Systematic generation and analysis of counterfactuals for compound activity predictions using multi-task models
Abstract
Most machine learning (ML) methods produce predictions that are hard or impossible to understand. The black box nature of predictive models obscures potential learning bias and makes it difficult to recognize and trace problems. Moreover, the inability to rationalize model decisions causes reluctance to accept predictions for experimental design. For ML, limited trust in predictions presents a substantial problem and continues to limit its impact in interdisciplinary research, including early-phase drug discovery. As a desirable remedy, approaches from explainable artificial intelligence (XAI) are increasingly applied to shed light on the ML black box and help to rationalize predictions. Among these is the concept of counterfactuals (CFs), which are best understood as test cases with small modifications yielding opposing prediction outcomes (such as different class labels in object classification).
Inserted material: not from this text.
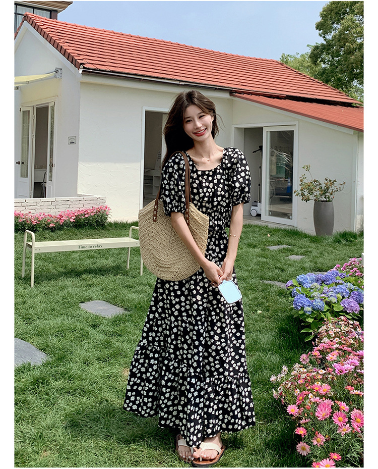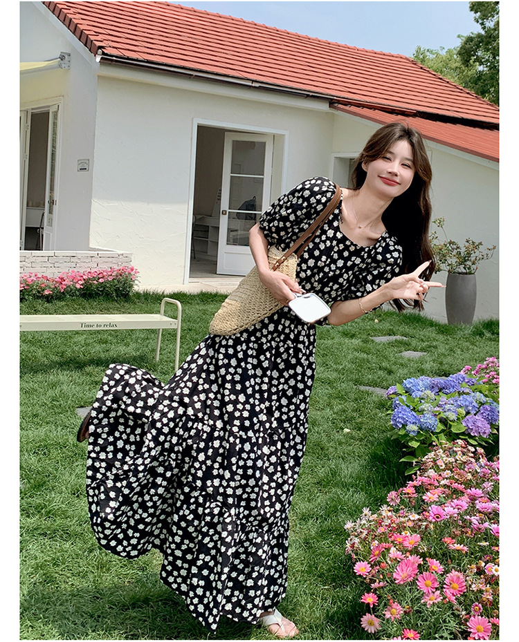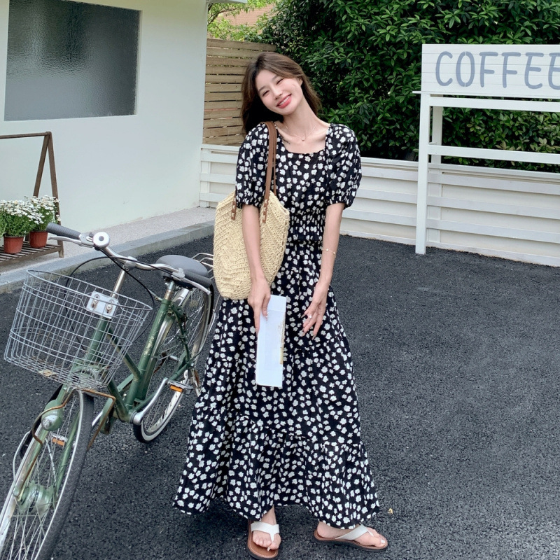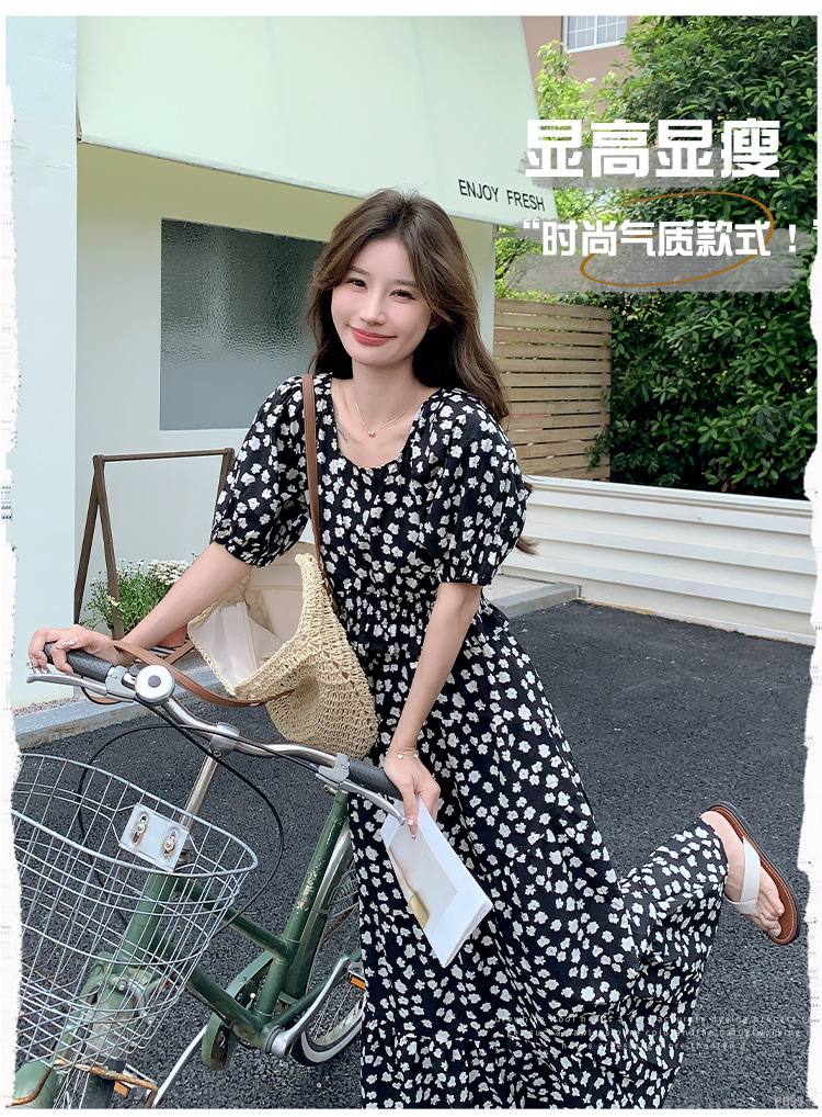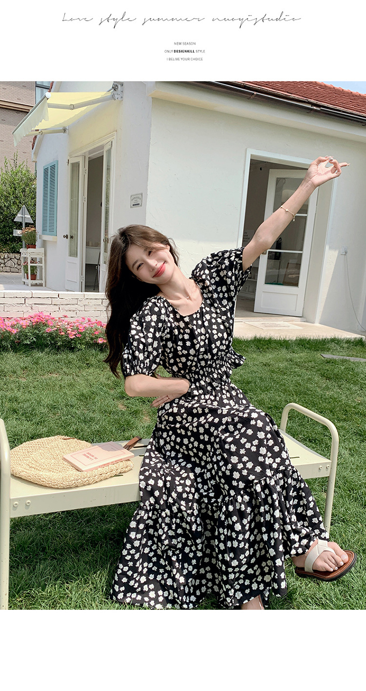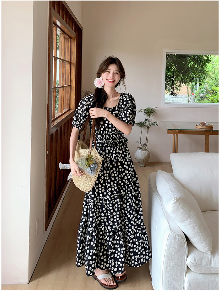 리얼 샷 한국 스타일 라이트 성숙한 프랑스 스타일 플로랄 롱 원피스 새로운 패션 타이트 허리 슬리밍 원피스 세트 여성 2025 여름스토어 가기

For ML applications in medicinal chemistry, for example, compound activity predictions, CFs are particularly intuitive because these hypothetical molecules enable immediate comparisons with actual test compounds that do not require expert ML knowledge and are accessible to practicing chemists. Such comparisons often reveal structural moieties in compounds that determine their predictions and can be further investigated. Herein, we adapt and extend a recently introduced concept for the systematic generation of molecular CFs to multi-task predictions of different classes of protein kinase inhibitors, analyze CFs in detail, rationalize the origins of CF formation in multi-task modeling, and present exemplary explanations of predictions.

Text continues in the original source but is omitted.